Жена Михаила, Маргарита, беременная в то время четвертым ребенком, была в полном отчаянии. Отношения супругов в последние годы складывались слишком непросто, и теперь, не отходя от постели умирающего, она казнила себя за каждое неосторожное, в запале сказанное слово, за мнимую вину, за непослушание. Для спасения Михаила делалось все, что только возможно. Лучшие врачи, лучшие лекарства… Из Берлина был выписан знаменитый специалист по болезням почек, профессор Лейден, лечивший в свое время императора Александра III. Но медицина оказалась бессильна.
Михаил скончался на руках у жены.
«Когда остаюсь одна, я ужасно горюю о Мише, – напишет вскоре Маргарита Кирилловна своей близкой подруге, – бесконечно страдаю о напрасно погубленной жизни. Как он мог быть счастлив, если бы мог себя преодолеть! Бедный, милый мальчик!»
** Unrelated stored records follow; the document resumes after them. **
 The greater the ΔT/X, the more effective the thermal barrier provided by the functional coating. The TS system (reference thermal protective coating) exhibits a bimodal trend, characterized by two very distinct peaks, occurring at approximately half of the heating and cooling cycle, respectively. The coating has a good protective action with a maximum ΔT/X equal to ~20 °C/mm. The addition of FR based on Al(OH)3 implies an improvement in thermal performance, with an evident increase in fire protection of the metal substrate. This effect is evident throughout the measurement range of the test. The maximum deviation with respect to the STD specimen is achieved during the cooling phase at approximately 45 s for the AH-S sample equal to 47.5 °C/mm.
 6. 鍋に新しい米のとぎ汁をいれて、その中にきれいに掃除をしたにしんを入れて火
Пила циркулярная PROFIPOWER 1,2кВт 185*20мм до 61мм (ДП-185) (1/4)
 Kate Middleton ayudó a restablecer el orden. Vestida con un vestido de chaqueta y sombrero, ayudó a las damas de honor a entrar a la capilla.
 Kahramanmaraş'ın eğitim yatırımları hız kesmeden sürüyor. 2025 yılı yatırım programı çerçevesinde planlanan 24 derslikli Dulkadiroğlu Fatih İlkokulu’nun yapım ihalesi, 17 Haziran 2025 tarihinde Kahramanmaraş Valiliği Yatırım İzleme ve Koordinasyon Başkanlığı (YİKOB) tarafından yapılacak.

И лишь когда боль отпустила ее сердце, молодая вдова, с ранней юности жившая под гнетом неудачного замужества и совершенно придавленная им, поняла, что ее настоящая жизнь только теперь и начинается. Маргарита могла теперь посвятить свою жизнь без остатка тому, что было ей дорого – воспитанию детей, музыке, философии, благотворительности… Больше никто не будет осуждать ее за «бесцельно выброшенные» на помощь какому-нибудь талантливому музыканту, художнику или поэту деньги, за религиозные искания, за участие в философских обществах, где собираются одни скучные высоколобые интеллектуалы, за стремление побыть дома с детьми, вместо того, чтобы блистать в свете… Год от года муж все хуже понимал жену. Зачем строить и содержать интернат для тяжелобольных детей, да еще и вывозить их летом на дачу под Москвой? Зачем помогать бедным крестьянам, живущим по-соседству с их имением? Разве они это оценят? Почему богемные «творцы» выстраиваются у них в приемной в очередь с протянутой рукой? Каждому дай… А за что? Вопросов накопилось слишком много, Михаил раздражался и только ощущение близкого конца заставило его «простить» жену…
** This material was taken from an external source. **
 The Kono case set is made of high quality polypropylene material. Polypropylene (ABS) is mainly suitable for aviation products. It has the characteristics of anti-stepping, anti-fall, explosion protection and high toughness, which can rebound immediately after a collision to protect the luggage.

А ведь они и вправду могли бы быть очень счастливы. Могли бы, но…
Часть первая. Замужество
Брак Михаила Морозова стал настоящей сенсацией в московском обществе. Наследник миллионного состояния, только-только достигший вожделенного совершеннолетия – двадцати одного года, возраста, позволявшего ему распоряжаться унаследованной долей отцовского богатства, женился по большой любви на восемнадцатилетней бесприданнице, девушке из семьи с несколько сомнительной репутацией…
Собственно говоря, по рождению Маргарита Мамонтова принадлежала к известнейшему купеческому клану Мамонтовых, стоявшему в иерархии российских предпринимателей на равной ноге с Морозовыми, но вот отец ее, Кирилл Мамонтов, оказался той «паршивой овцой в родном стаде», что всех позорит.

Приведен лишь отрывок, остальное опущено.